Wednesday, February 15, 2006

My Correct Line

This sort of intellectual food fight is just so 2003, but since I am susceptible to this sort of radical-baiting, I had to write into the Stranger Slog about it. One of the knee-jerk responses I got for calling "islamofascism" racist, among other things, was the idea that I am some granola-eating hippie on Capitol Hill. (We have one in Seattle, dear readers.)

Leaving aside where one would find such a creature in Seattle these days, my politics--and fashion sense for that matter--are literary and tweedy. I probably share with many neoc0ns and neoneocons (Paul Berman and Christopher Hitchens, for inst.) a fetishization of literature and philosophy as a guide to life. (Ah, but dears, the question is not whether or not one shall fetishize, the question is what do you fetishize! The world is in the trenches!) I would submit that the question--the niceness of distinction--between liberal anti-totalitarianism and neo-conservativism is something that concerns, mostly, literary and mostly male readers, and mostly on the East Coast. I know whereof I speak, since I am a literary intellectual as well and grew up on the other side of the country.
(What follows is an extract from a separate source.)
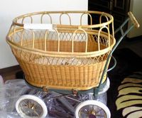 東京乳母車さんの「プスプス」です。 新品を買おうかどうか迷っていたところ東京乳母車さんから中古の入荷の お知らせをいただき即、購入。 現在は販売されていない色ですが、ベビが男の子だったので白よりいいかな〜と 思ってます。 中古ということで籐の部分が見事なアメ色!素敵です。 幌などもオプションでつけれるんですがプスプス仲間の友人に教えてもらって 自分好みの幌を製作予定です。 |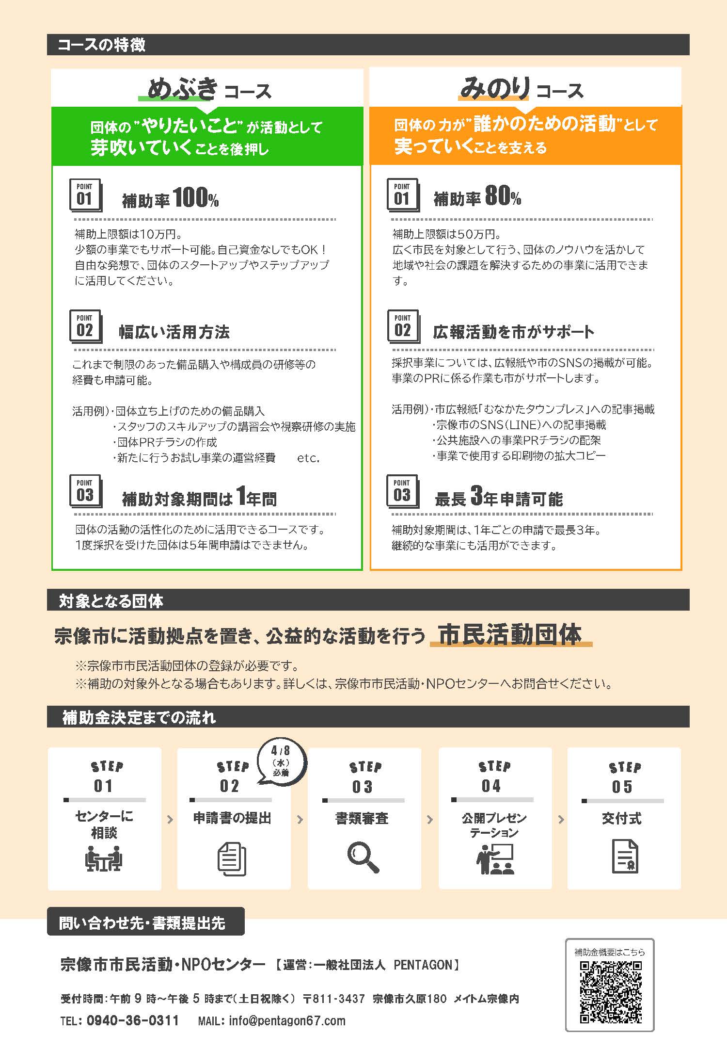 団体の”やりたいこと”が活動として芽吹いていくことを後押しする「めぶきコース」と団体の力が公益性のある”誰かのための活動”として、実っていくことを支える「みのりコース」の2つのコースを設けています。

There are many examples of how Savage, and the Stranger, have toed this new line--call it neo-con lite--but most of them will no doubt be arguable, as nice political distinctions usually are. I take the appearance of this musty, and in the light of NSA surveillance, idiotic debate that the commitment to neo-con lite remains. My other term for this kind of this discussion is trying to out-Marx the Marxists. Though nominally opposed to the left, what is this discussion more like than the search for the correct line? Berman wants to find completely acceptable origins for a democratic left, one that never crossed paths with the Weathermen or Palestinian extremism, while Bauwer outdoes him by finding sins in the background of Berman's saints. The fantasy of the correct line is the idea that purity in human action and motives exists. The truth of the matter is politics is--and always will be--about compromise. Compromise always means unlikely, sometimes unsavory bargaining. This means there will be much to do for theorists, but whether it amounts to anything besides blowing their own horn is another thing.